An airplane with an airspeed 600km/h needs to be on a course 35.0degree north of East. A steady wind of 100km/h is blowing from North. Determine the direction the plan should head.

Question

An airplane with an airspeed 600km/h needs to be on a course 35.0degree north of East. A steady wind of 100km/h is blowing from North. Determine the direction the plan should head.

[Give the answer with a figure and proper steps]

Answer 1

so you want

<600 sinθ,600cosθ> + <0,-100> = <v sin35°,v cos35°>

Answer 2

To determine the direction the plane should head, we need to find the resultant velocity vector of the plane.

Step 1: Start by drawing a diagram to represent the situation.
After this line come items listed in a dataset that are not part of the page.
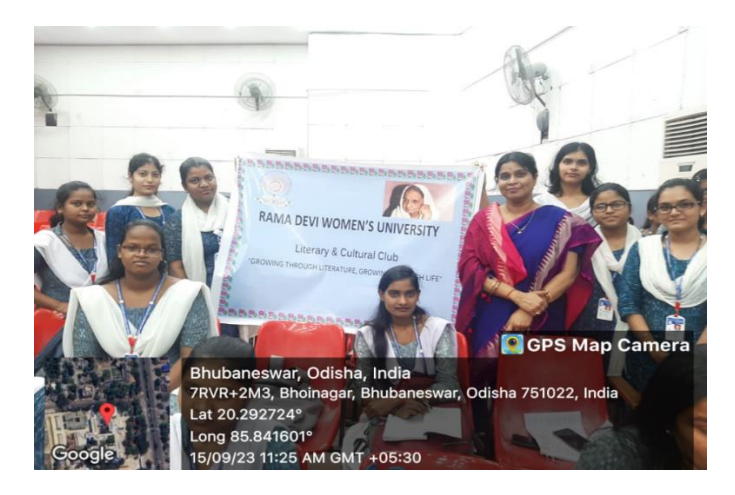
Elocution competition on occasion of Punyatithi of Maa Ramadevi

cultural club , 2023-24 is one of the majestic site to take a view upon. There's an annual planning of all competitions, workshops , awareness programs , street plays to be conducted out of which few are already done and some are in ongoing process. A successful elocution competition was held dated back to 17<sup>th</sup> July ,2023 on the topic "contribution of Maa Ramadevi in the freedom movement of India." Nearly 30 students participated in this competition. It had no language barrier. On 23<sup>rd</sup> August, 2023 on the occasion of " Punyatithi of Maa Ramadevi" many renowned dignitaries were invited to give prizes to the winners. An awareness program conducted on 16<sup>th</sup> September,2023 on the subject "Awareness on Dengue" by the student members of our literary club . In the success of all these activities there is a major role of the OIC Dr . Sanghamitra Bhanja and other respected members of the club.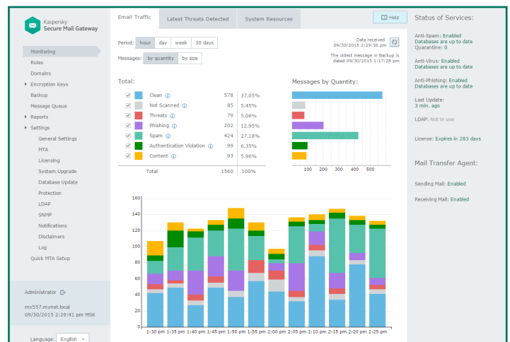
Kaspersky Secure Mail Gateway' web console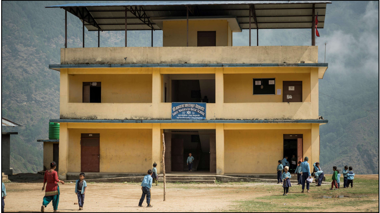
We have also recently assisted in renovating the school building to create additional rooms on the upper floor.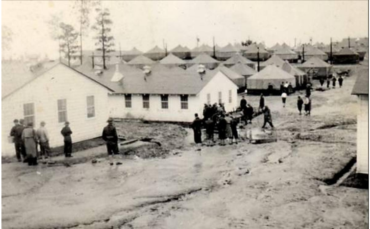
Some Days Were Miserable And Muddy At Camp Claiborne.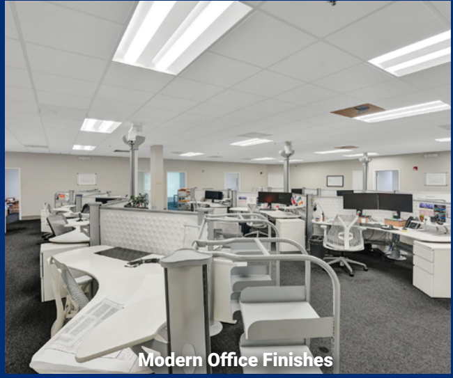
Modern Office Finishes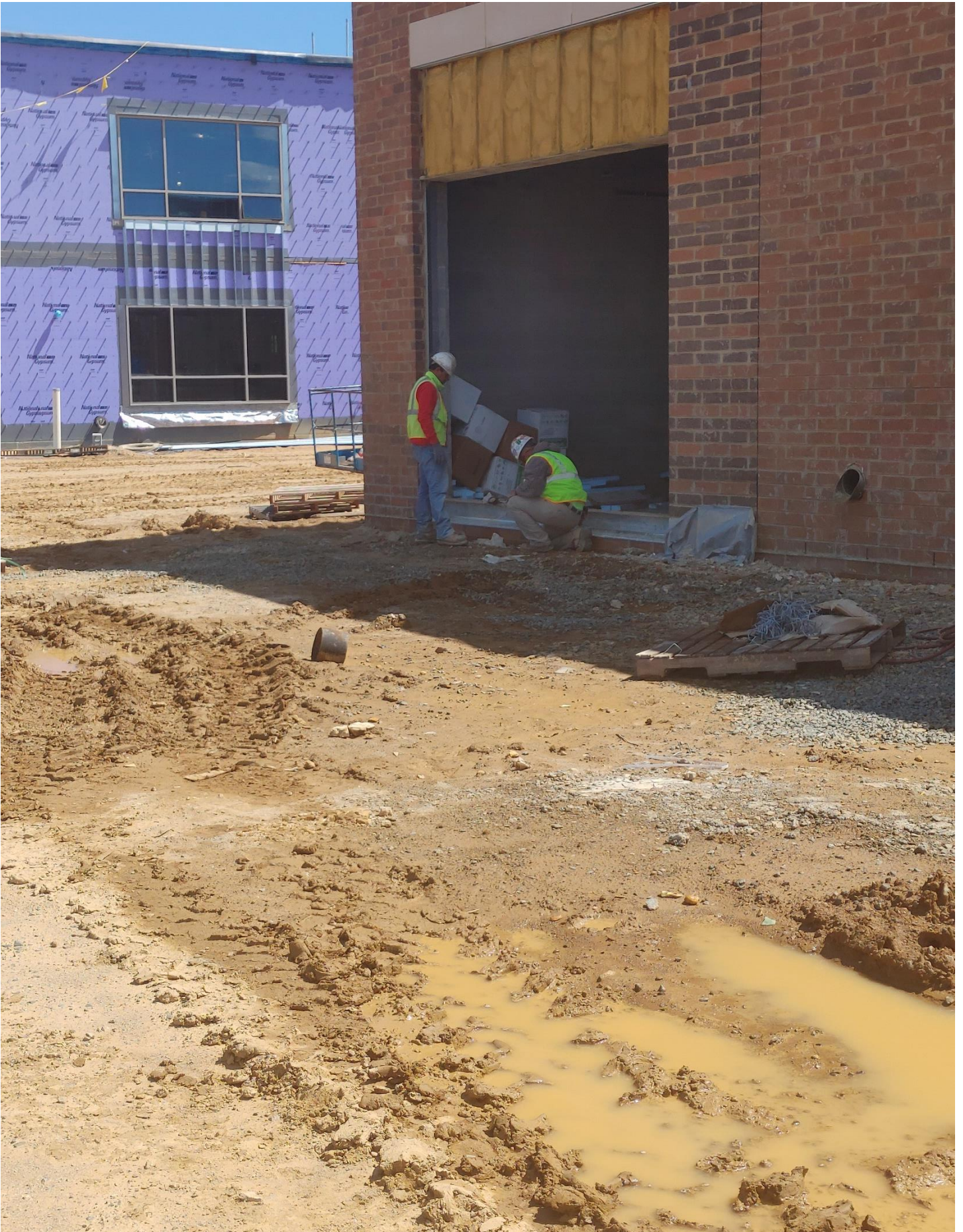
Photo 10 - Display Nook on the West side of Area E is being flashed.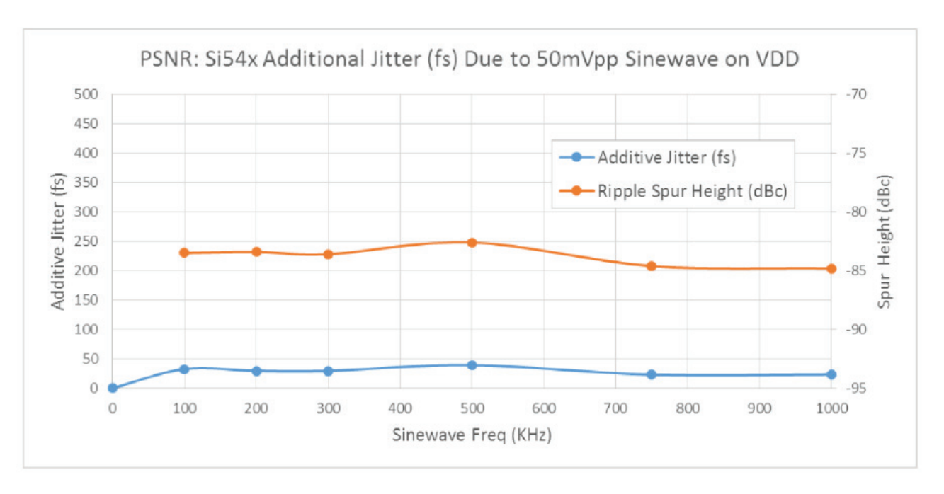
Figure 4. Integrated PSNR Minimizes Additive Jitter

The 4th generation DSPLL has an extensive network of on-chip low drop out regulators to provide power supply noise rejection, ensuring consistently low jitter operation even in noisy system environments. Another benefit of integrated power supply noise regulation is simplified power supply filtering, PCB design and layout.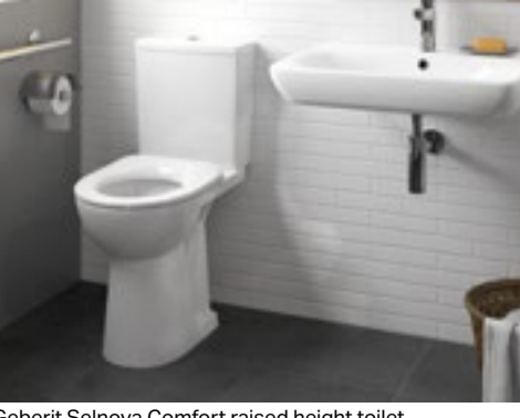
Geberit Selnova Comfort raised height toilet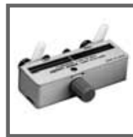
9262 TEST FIXTURE DC to 5 MHz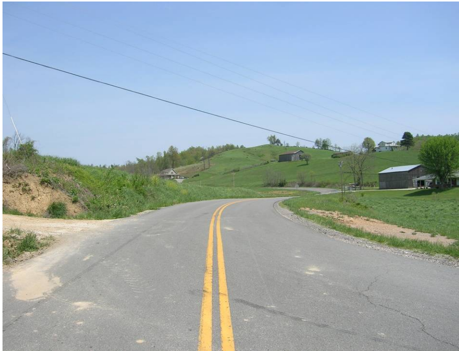
Looking along KY 504 from KY 32 & KY 504 intersection (Rowan County)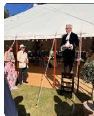
High Sheriff addressing guests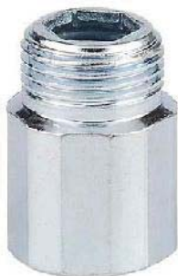
FIG. UNI 529 /A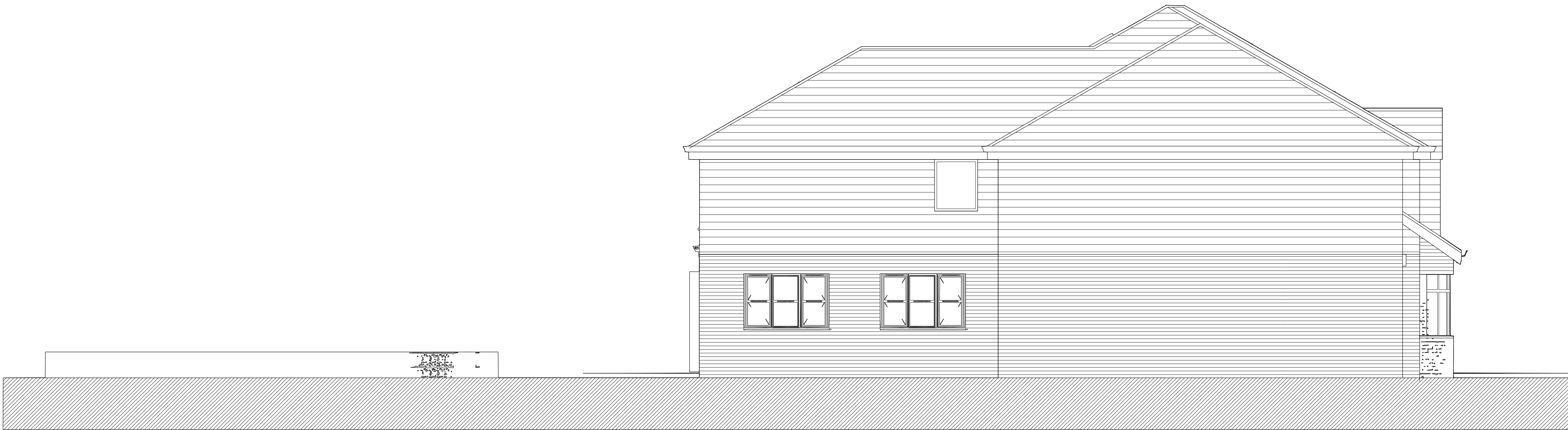
2 Proposed Side (Fairlawes) 1 : 100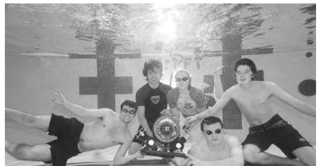
The Polar Submersibles ROV Team gets wet during a practice session in Fairbanks, Alaska.

M.S. candidates concentrate in biological, chemical, fisheries, geological, or physical oceanography. For each of these specializations, students must demonstrate through course work and comprehensive examination both a broad grasp of marine science and detailed knowledge of their specialty. There are no fixed course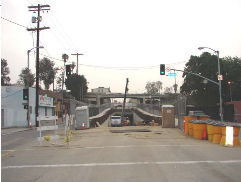
West Tunnel Portal at 1 st /Gless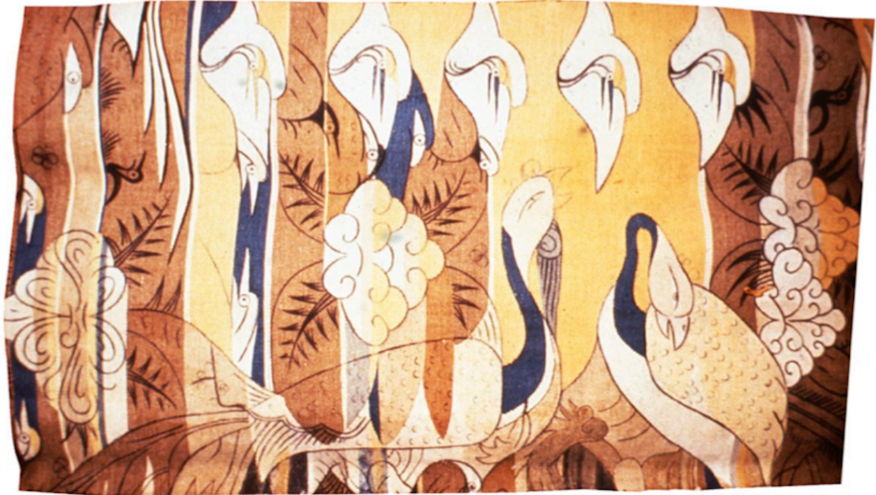
Figure 1. Ink Painted Wool Tapestry Mantle, Northwest China Yuan-Ming Dynasty. Permission: Gion Matsuri Yamaboko Rengokai. Image by Yuge Sei. 158 x 85 cm.

This wool mantle ( fig. 1 ) was woven by Monguors, a Chinese minority living along the Yellow River, during the Yuan and Ming Dynasties (1279-1368 and 1368-1644) in Gansu Province, China. The Monguors practiced a religion called Manichaeism after its founder Mani, who was born in Babylonia and lived in third century Persia. The Manichaeans believe that the universe is divided between the forces of Good, exemplified by Light and the forces of Evil, demonstrated by Dark. 1 The duty of the Manichaean is to increase and protect Light. The faith is sometimes called "The Religion of Light" and several of their artworks exhibit a luminous quality. The two forces are thought to have engaged in a continuous struggle for dominance. The vertical segments of light and dark backgrounds on all the tapestries illustrate this duality. The peacocks pictured in the foreground are perceived as guardians against evil, due to their their proclivity for killing snakes in gardens.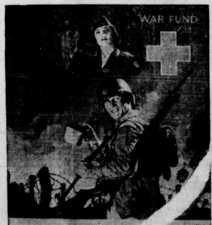
Your RED CROSS is at his side

Lamb County's Quota is $18,000 LET'S GO OVER THE TOP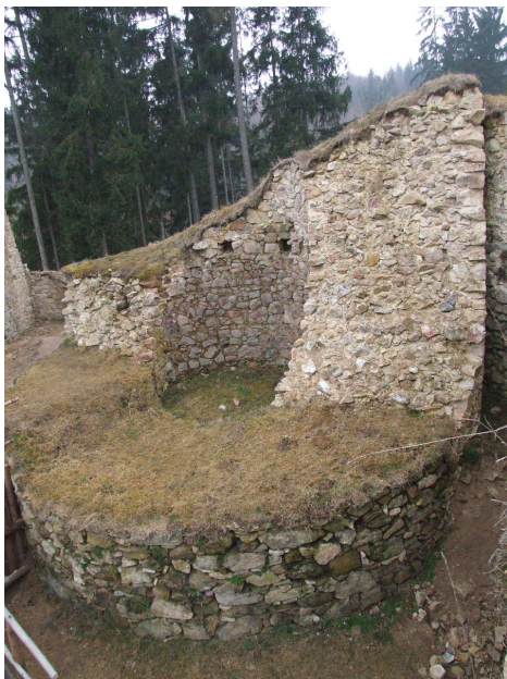
Remains of a bergfrit.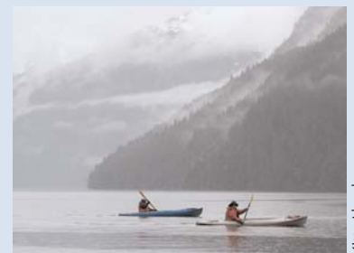
A quiet, misty morning kayak in the Great Bear Rainforest.

incredible to watch 8 bears waiting for salmon to literally swim by their feet. Eagles, ravens, gulls all congregate from miles around. A symphony of life!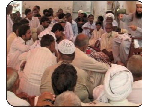
Awareness Seminar at Awami Falahi Society, Okara - 8 Aug 2016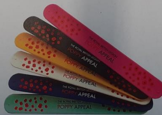
Snap band - Suggested Donation: £1.50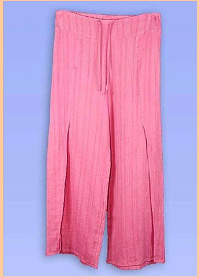
LN7 – Long Pants $59.95

Noblesse – Colours Nature & Bluebell (not shown)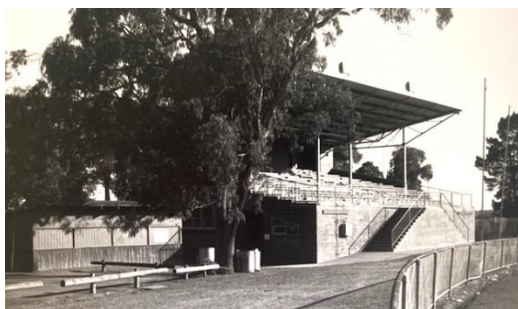
The Blue Room on the left, alongside the new Grandstand built in 1957.

When the old grandstand burnt down at Walker Park in 1955, Ray arranged, and had built the temporary change rooms plus installed his old chip heater for the showers.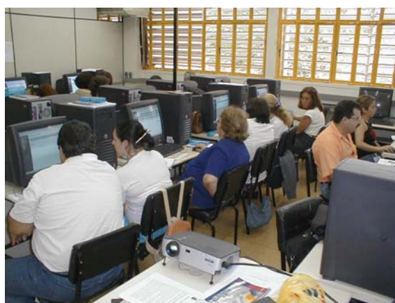
Figure 4 – Practical class

After the trainings, the teachers must elaborate and submit a conceptual project of a module. The projects are analyzed by a specialized team and developed by a team of technicians in computer science. The developed modules already developed at UNICAMP are available in http://www.mc21.fee.unicamp.br/~pgl/pgl.htm .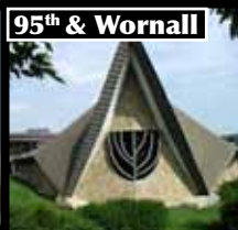
95 th & Wornall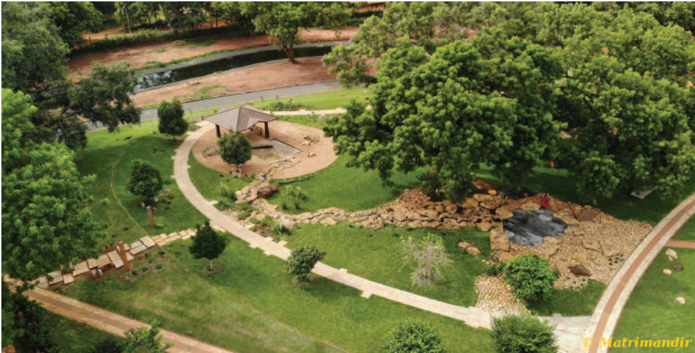
Garden of the Unexpected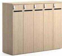
48" h lockers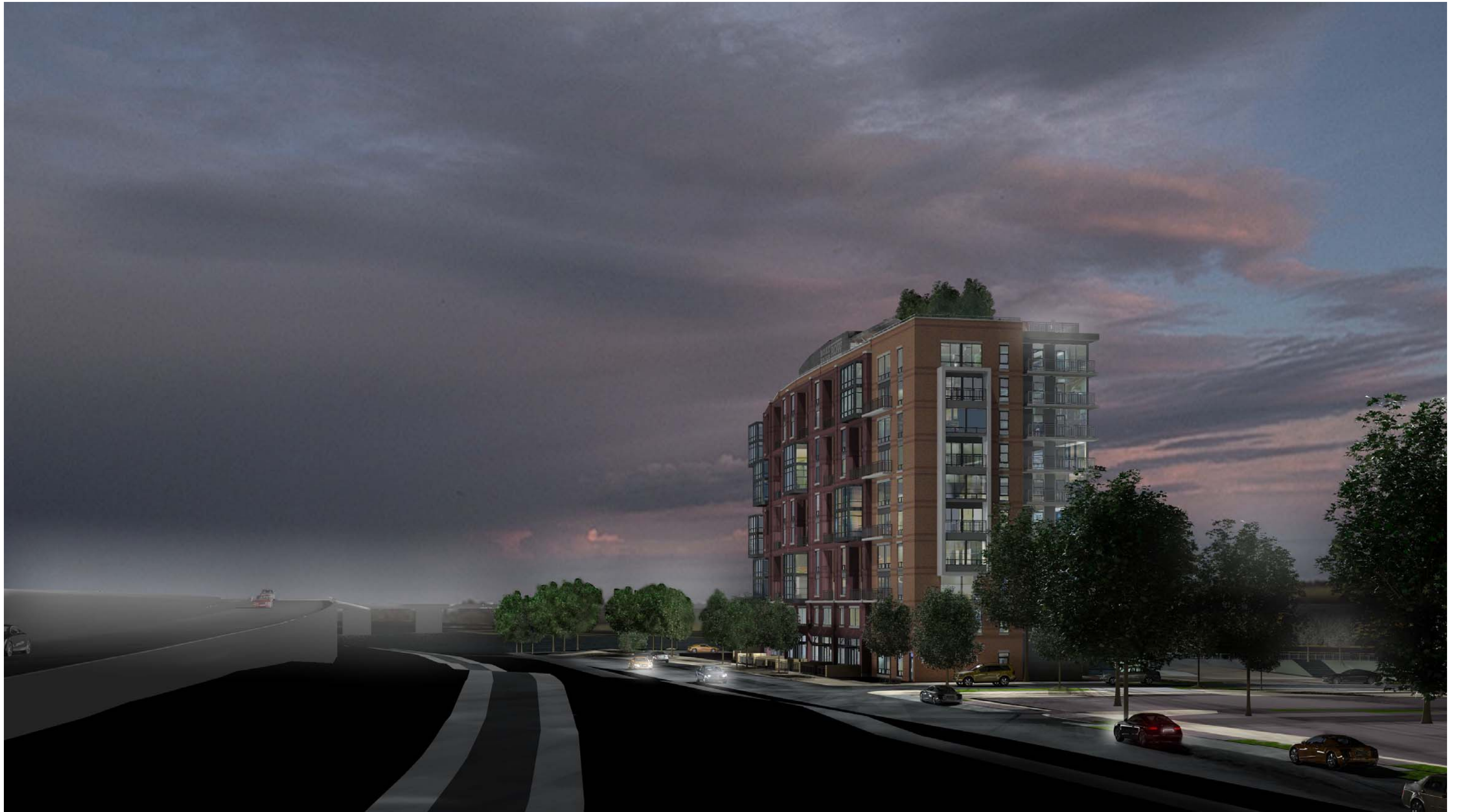
M STREET VIEW EAST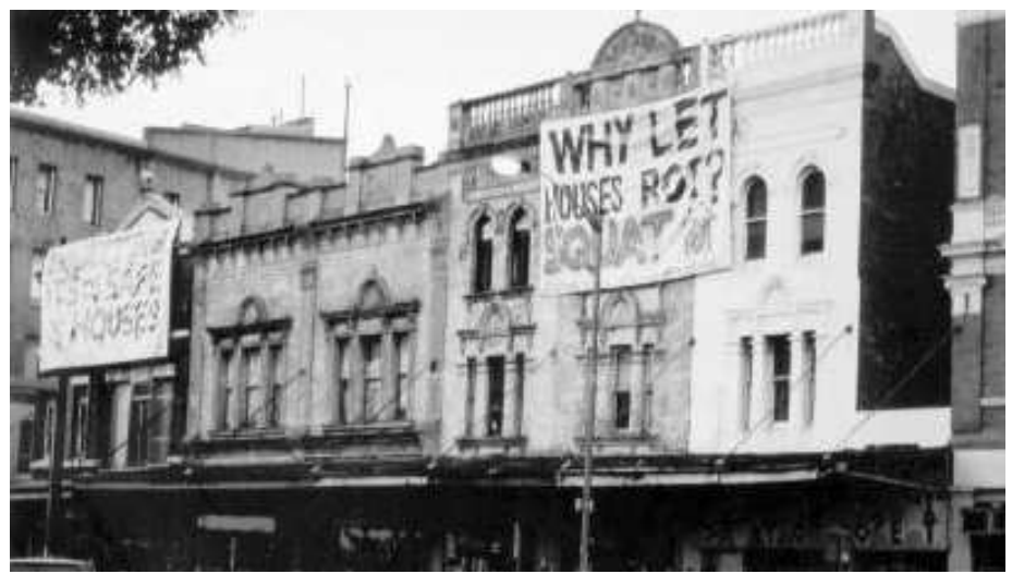
Squatted social centre Sydney

The Newcastle squat organisers cleared out an old locksmith shop and launched a dynamic art and event space in December 2000. The space played host to political film screenings, free dinners, durational performances, experimental sound nights, site-specific installations and acted as a hub for political & community activity. Squatted social centres spread throughout Newcastle. The larger Broadway Squat hosted numerous festivals and held mass community support - and even led to the creation of an 'UnRealestate' for other Squatters!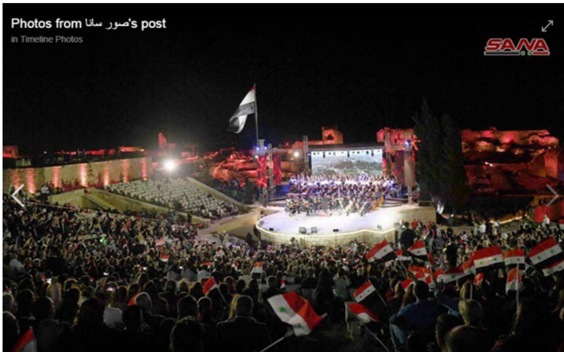
National holiday celebrations: April 17, 2018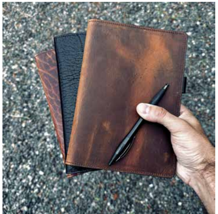
Small Notebook Portfolios in Rustic Leathers

A beautiful vintage tanned leather with a matte finish that changes with each bend and flex, pulling up a lovely copper color and creating a look totally unique to you. We love the patina this leather gets over time!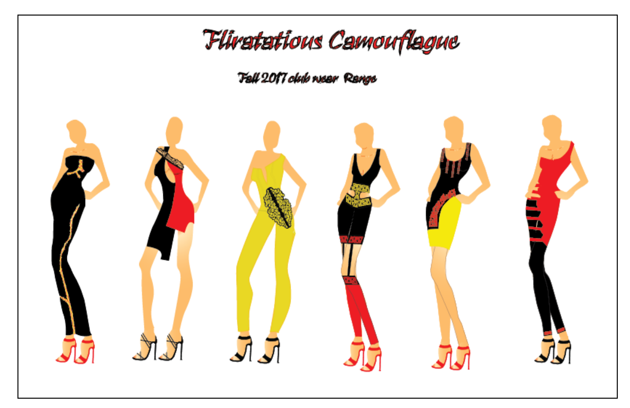
Figure 09: Finalized range- Front view

Finally the product development process was carried out to solve the problem of new innovative niche market category collection introduction with all the analyzed data. The outcomes of design developments are practically approached by experimenting creative pattern cutting with the use of mannequin and draping procedure to form the final toils. These toils are developed with the draw backs in the actual production process after finalizing the range plan of six outfits. These toils were developed with the drawbacks in the actual production process after finalizing the range plan of six outfits. Multiple methods such as draping, pivoting and folding were used in developing the pattern pieces for the collection. The pattern making process got even complicated as the fabrication was completely different to innerwear fabrication.

Label the vectors involved.

Let's draw a diagram with a horizontal line representing the east direction, a vertical line representing the north direction, and an angle of 35.0 degrees north of east for the plane's desired course. Label the wind vector as "W" and the plane's airspeed vector as "A."

```
----W---->
|\
| \
| \
A | \
|
|
V
```

Step 2: Break down the vectors into their x and y components.

The wind vector is pointing straight down from the north, so its x-component is 0, and its y-component is -100 km/h.

The airspeed vector is at an angle of 35.0 degrees north of east. To find its x and y components, we use trigonometry.

The x-component (A_x) can be found by multiplying the magnitude of the airspeed (600 km/h) by the cosine of the angle (35.0 degrees):
A_x = 600 km/h * cos(35.0 degrees)

The y-component (A_y) can be found by multiplying the magnitude of the airspeed (600 km/h) by the sine of the angle (35.0 degrees):
A_y = 600 km/h * sin(35.0 degrees)

Step 3: Calculate the resultant vector by adding the x and y components.

To find the resultant vector, we add the x components to get the x-component of the resultant vector, and we add the y components to get the y-component of the resultant vector.

Resultant x-component (R_x) = A_x + 0 (wind has no x-component)
Resultant y-component (R_y) = A_y + (-100 km/h) (negative direction due to wind blowing north)

Step 4: Calculate the magnitude and direction of the resultant vector.

The magnitude of the resultant vector can be found using the Pythagorean theorem:
Resultant magnitude = √(R_x^2 + R_y^2)

The direction of the resultant vector can be found using trigonometry:
Resultant direction = arctan(R_y / R_x)

Substitute the calculated values of R_x and R_y into the above formulas to find the magnitude and direction of the resultant vector.

Step 5: Determine the direction the plane should head.

The direction the plane should head is the resultant direction PLUS 180 degrees, since we want the direction relative to the east.

Let's calculate the values:

A_x = 600 km/h * cos(35.0 degrees) = 491.42 km/h
A_y = 600 km/h * sin(35.0 degrees) = 342.51 km/h

R_x = A_x + 0 = 491.42 km/h
R_y = A_y + (-100 km/h) = 242.51 km/h

Resultant magnitude = √(R_x^2 + R_y^2) = √(491.42^2 + 242.51^2) = 542.02 km/h
Resultant direction = arctan(R_y / R_x) = arctan(242.51 / 491.42) = 26.30 degrees

Direction plane should head = Resultant direction + 180 degrees = 26.30 degrees + 180 degrees = 206.30 degrees

Therefore, the plane should head in a direction 206.30 degrees north of east.